6. Anatomy of the pipeline system

Now, let’s pull this information together to consider how the pipeline system operates.

  1. The front end, xcpEngine, parses the provided design and cohort files.
  2. The localiser uses the information in the cohort file to generate a subject-specific version of the design file for each subject. (The localiser shifts processing from the sample level to the subject level; this is called the localisation or map step.)
  3. xcpEngine parses the pipeline variable in the design file to determine what Modules (or processing routines) it should run.

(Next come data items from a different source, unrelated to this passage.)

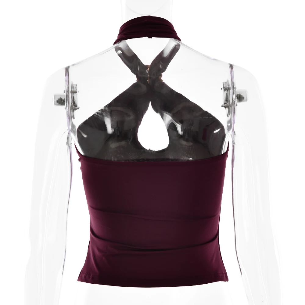 Fantoye Sexy Backless Metal Ring Halter Women Top Black Hollow Out Off Shoulder Crop Vest Female Summer Slim Elegant Streetwear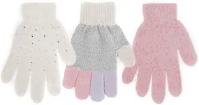BCBG Girls Little Kid Warm Winter Stretchy Sparkly Rhinestone Magic Knit Gloves - Cute Fall Winter Accessories (3 Pack) -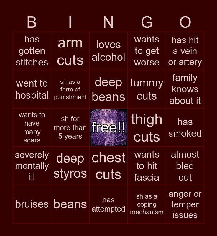 This bingo card has a free space and 24 words: deep styros, beans, deep beans, bruises, has hit a vein or artery, has gotten stitches, went to hospital, arm cuts, thigh cuts, chest cuts, tummy cuts, wants to have many scars, wants to hit fascia, almost bled out, sh as a form of punishment, sh as a coping mechanism, has smoked, loves alcohol, family knows about it, sh for more than 5 years, anger or temper issues, severely mentally ill, wants to get worse and has attempted.
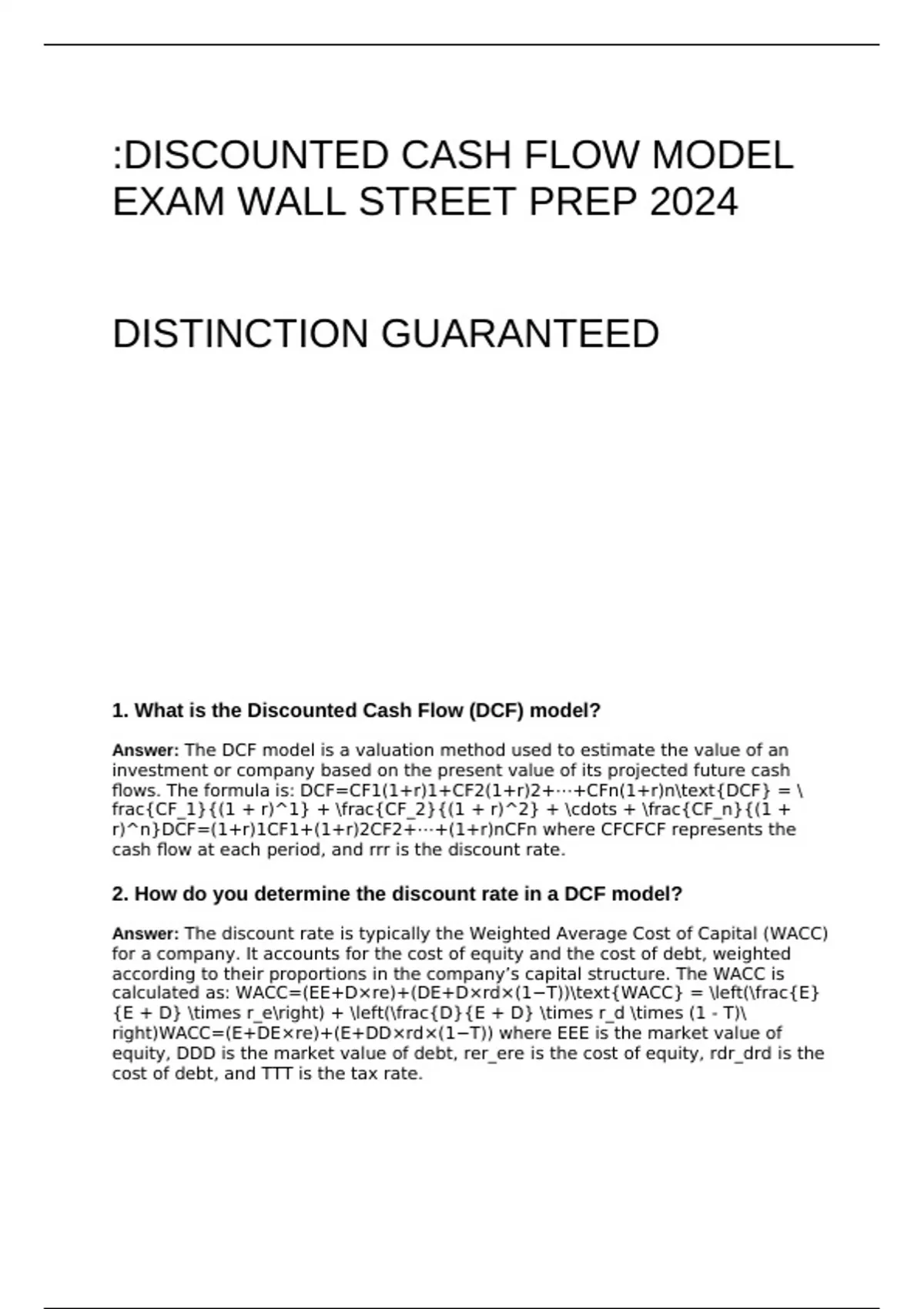 DISCOUNTED CASH FLOW MODELLING EXAM WALL STREET PREP 2024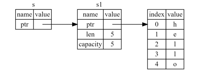 ptr 에서 실제 값을 참조하고 있고 len과 capacity는 각각 메모리 상에서 값이 어느 정도 크기로 참조하는지 나타냅니다. 변수를 대입할 때 참조를 복사하는게 아니라 값을 복사해버리면 동일한 객체가 여러개 존재하게 되서 매우 비효율적인 프로그램이 됩니다.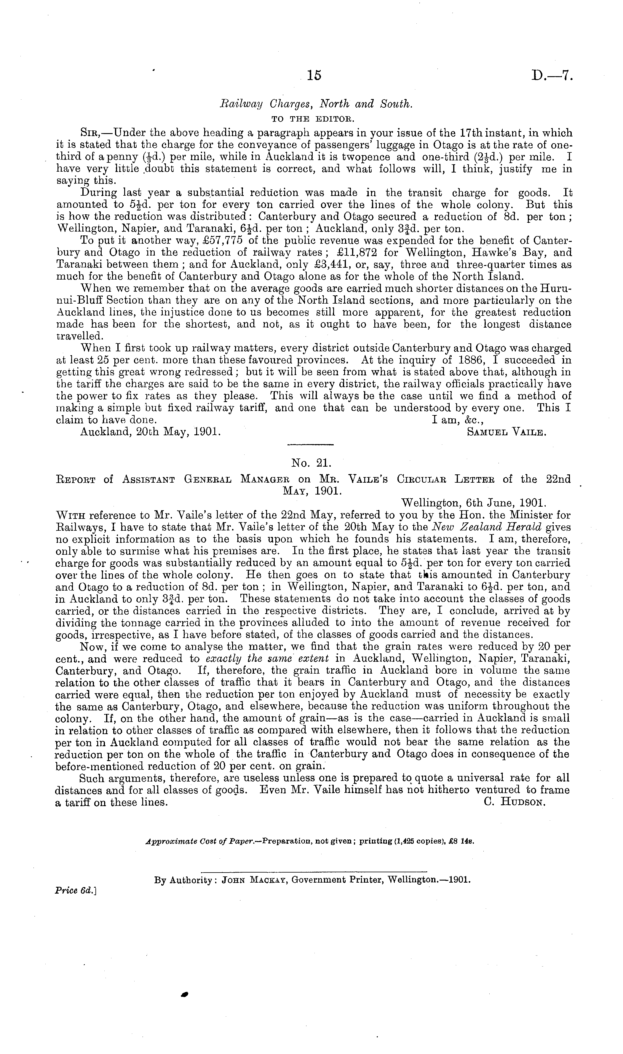 No. 21. Report of Assistant General Manager on Mr. Vaile's Circular Letter of the 22nd May, 1901. Wellington, 6th June, 1901. With reference to Mr. Vaile's letter of the 22nd May, referred to you by the Hon. the Minister for Railways, I have to state that Mr. Vaile's letter of the 20th May to the Neiv Zealand Herald gives no explicit information as to the basis upon which he founds his statements. I am, therefore, only able to surmise what his premises are. In the first place, he states that last year the transit charge for goods was substantially reduced by an amount equal to 5-|d. per ton for every ton carried over the lines of the whole colony. He then goes on to state that tkis amounted in Canterbury and Otago to a reduction of Bd. per ton ; in Wellington, Napier, and Taranaki to 6sd. per ton, and in Auckland to only 3|-d. per ton. These statements do not take into account the classes of goods carried, or the distances carried in the respective districts. They are, I conclude, arrived at by dividing the tonnage carried in the provinces alluded to into the amount of revenue received for goods, irrespective, as I have before stated, of the classes of goods carried and the distances. Now, if we come to analyse the matter, we find that the grain rates were reduced by 20 per cent., and were reduced to exactly the same extent in Auckland, Wellington, Napier, Taranaki, Canterbury, and Otago. If, therefore, the grain traffic in Auckland bore in volume the same relation to the other classes of traffic that it bears in Canterbury and Otago, and the distances carried were equal, then the reduction per ton enjoyed by Auckland must of necessity be exactly the same as Canterbury, Otago, and elsewhere, because the reduction was uniform throughout the colony. If, on the other hand, the amount of grain—as is the case—carried in Auckland is small in relation to other classes of traffic as compared with elsewhere, then it follows that the reduction per ton in Auckland computed for all classes of traffic would not bear the same relation as the reduction per ton on the whole of the traffic in Canterbury and Otago does in consequence of the before-mentioned reduction of 20 per cent, on grain. Such arguments, therefore, are useless unless one is prepared to quote a universal rate for all distances and for all classes of goods. Even Mr. Vaile himself has not hitherto ventured to frame a tariff on these lines. C. Hudson. Approximate Cost of Paper. —Preparation, not given; printing (1,425 copies), £8 14b.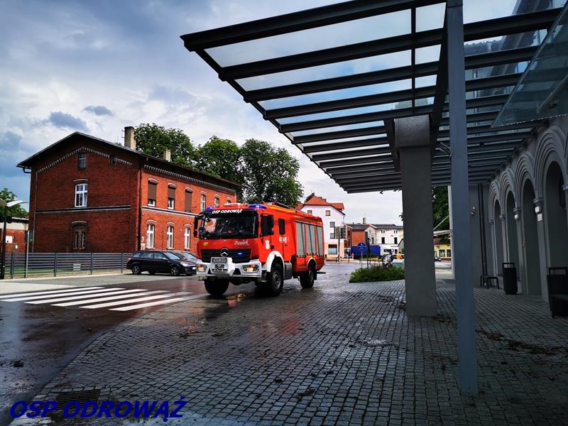Po przejściu ulewnego deszczu doszło tam do lokalnych podtopień. Nasze działania polegały na wypompowaniu wody z zalanych budynków oraz zabezpieczeniu, przy pomocy rękawów p/powodziowych oraz worków z piaskiem, przed ponownym zalaniem.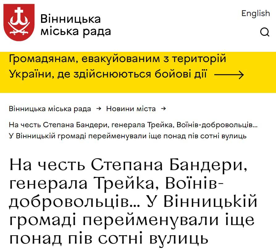 В Виннице дерусифицировали еще полсотни топонимов. Улицу Льва Толстого переименовали в честь Степана Бандеры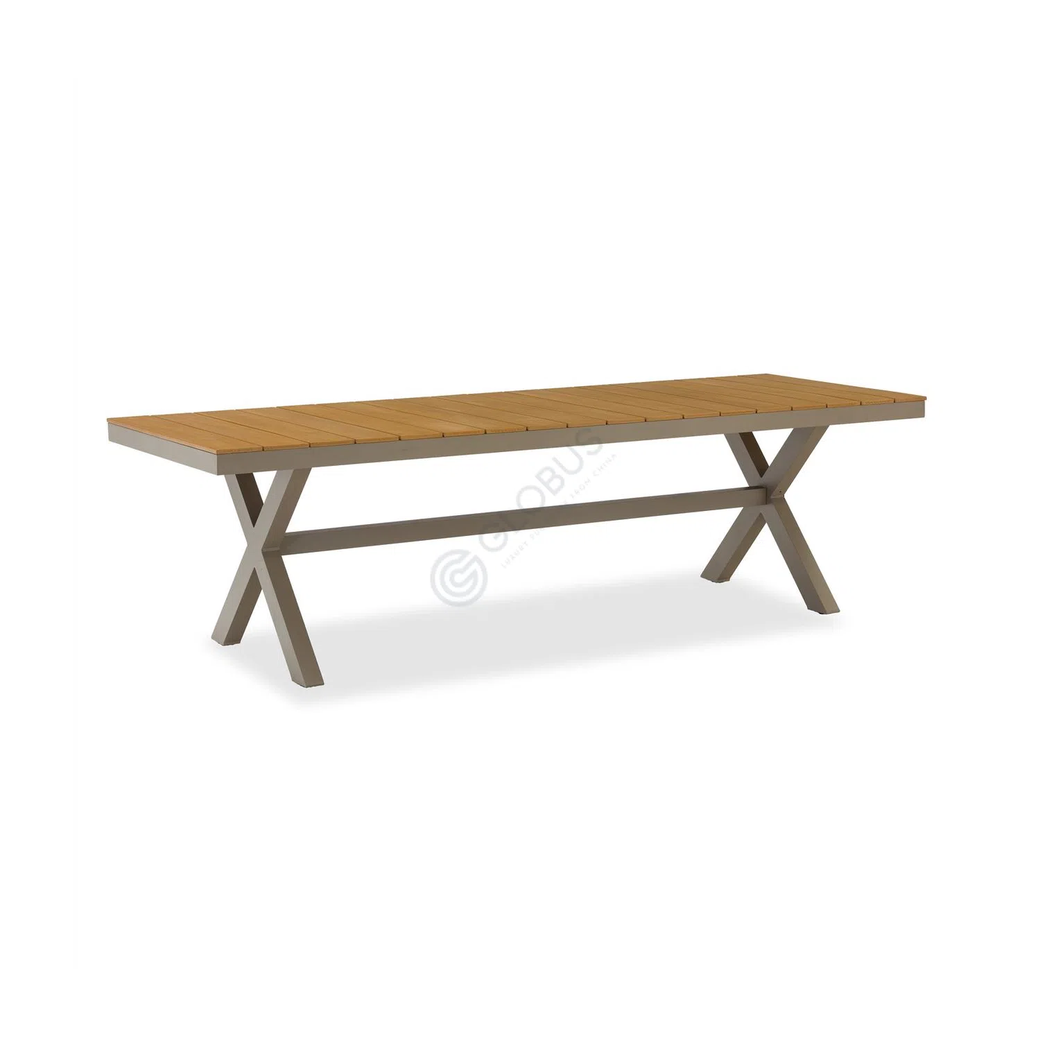 The table's clean lines and neutral tones will complement any surroundings, making it a perfect addition to your poolside, garden, or terrace. Its spacious surface provides ample room for your alfresco meals, casual get-togethers, or a tranquil outdoor workspace.
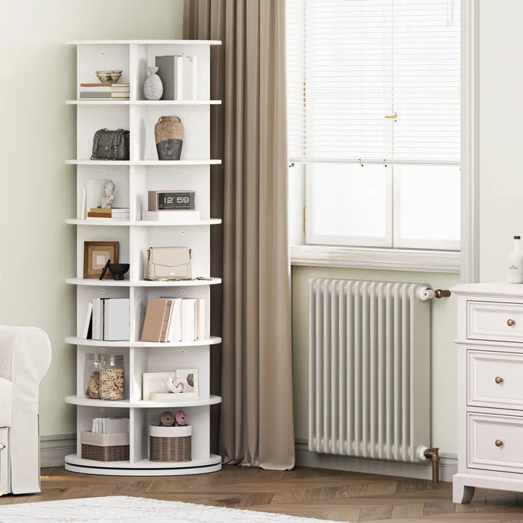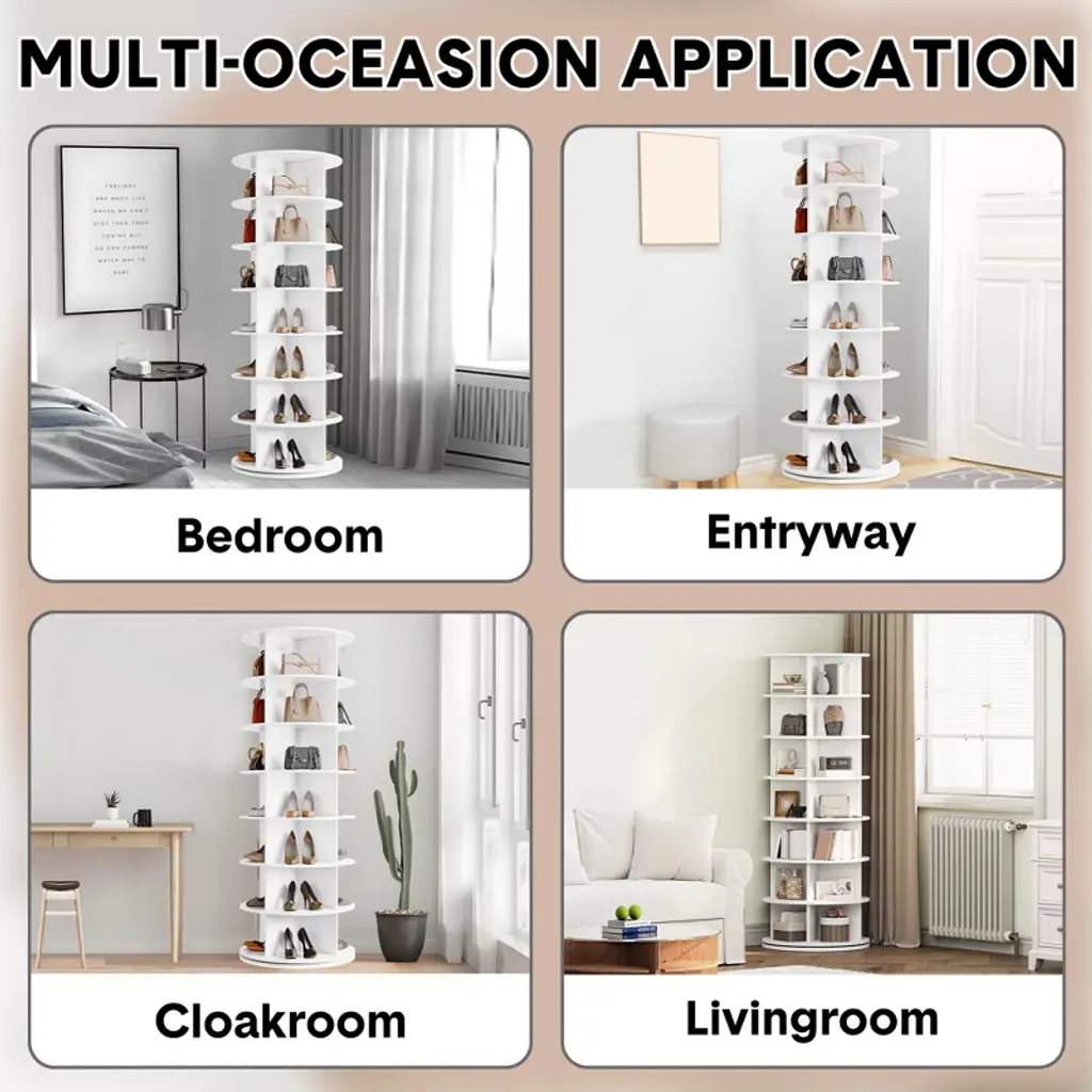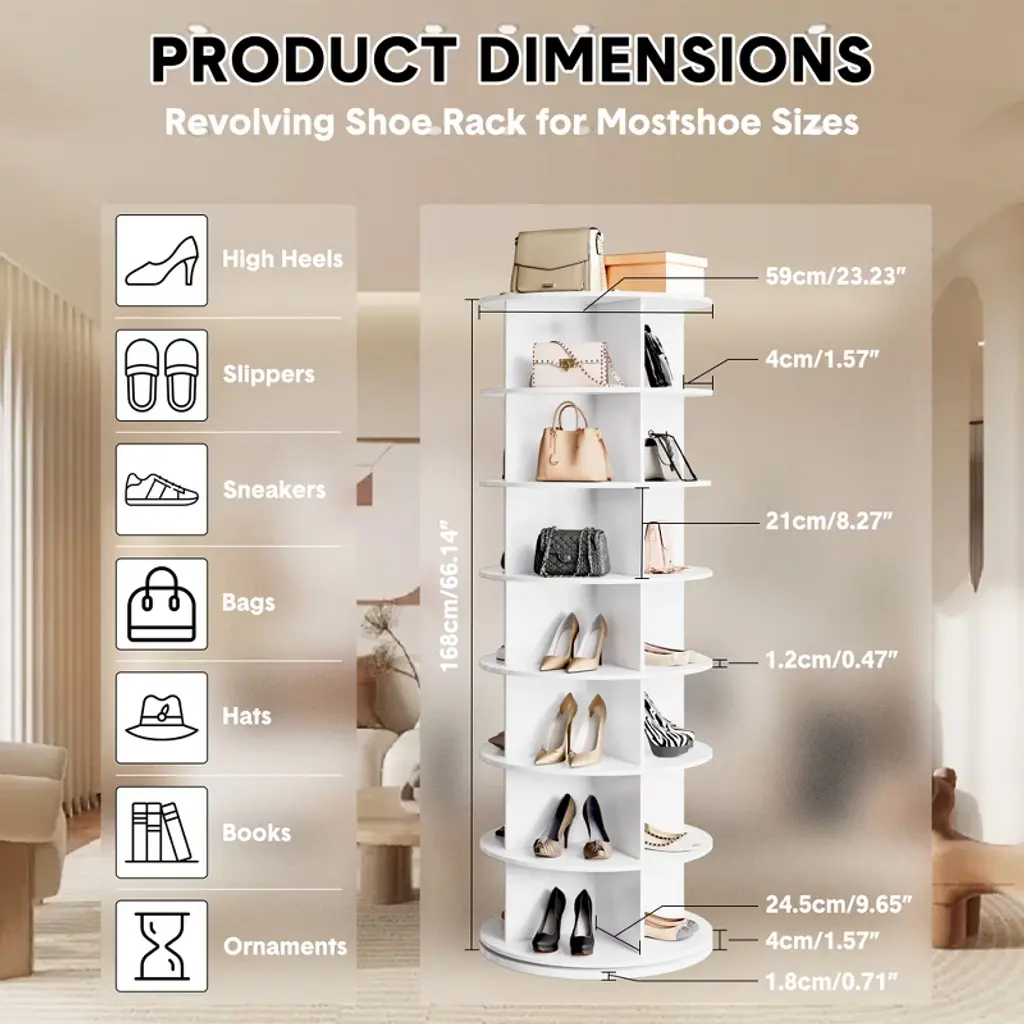 Product DescriptionThis 7-tier 360-degree rotating shoe rack tower maximizes storage while saving floor space, perfect for closets, bedrooms, or entryways. Its open design offers easy access and full visibility of shoes and accessories, preventing clutter and damage. Made from durable wood with a sturdy, wobble-free build, it doubles as a stylish organizer for shoes, handbags, and more. Quick, tool-free assembly makes it a convenient and elegant solution to keep your wardrobe neat and accessible.Product InformationColor: White/BlackMaterial: MelamineMounting Type: Floor MountShelf Type: Tiered ShelfShape: RoundSpecial Feature: FoldableItem Weight: 81.57 PoundsProduct Dimensions: 27.17"D x 25.98"W x 10.63"HAssembly Required: YesNumber of Items: 1Room Type: HallwayNumber of Shelves: 7

Different imaging and data modalities (e.g., anatomical, functional connectivity, task activation) will make use of a different series of modules.
  4. xcpEngine submits a copy of each module for each subject in the cohort using that subject’s local design file. Modules run in series, with all subjects running each module in parallel. As it runs, each module writes derivatives and metadata to its output directory.
  5. To collate subject-level data or perform group-level analysis, the pipeline uses the delocaliser. Shift of processing from the subject level to the sample level is called delocalisation or a reduce step.

7. Getting help

To get help, the correct channel to use is ` Github <https://github.com/PennBBL/xcpEngine/issues>`_. Open a new issue and describe your problem. If the problem is highly dataset-specific, you can contact the development team by email, but Github is almost always the preferred channel for communicating about pipeline functionality. You can also use the issue system to request new pipeline features or suggest changes.

8. Common Errors

A non-exhaustive list of some common errors, and fixes to try.

  • ImportError: bad magic number in 'site' : Try running unset PYTHONPATH immediately prior to running the pipeline.
  • Cannot allocate vector of size xx Mb : Try increasing the amount of memory available for running the pipeline.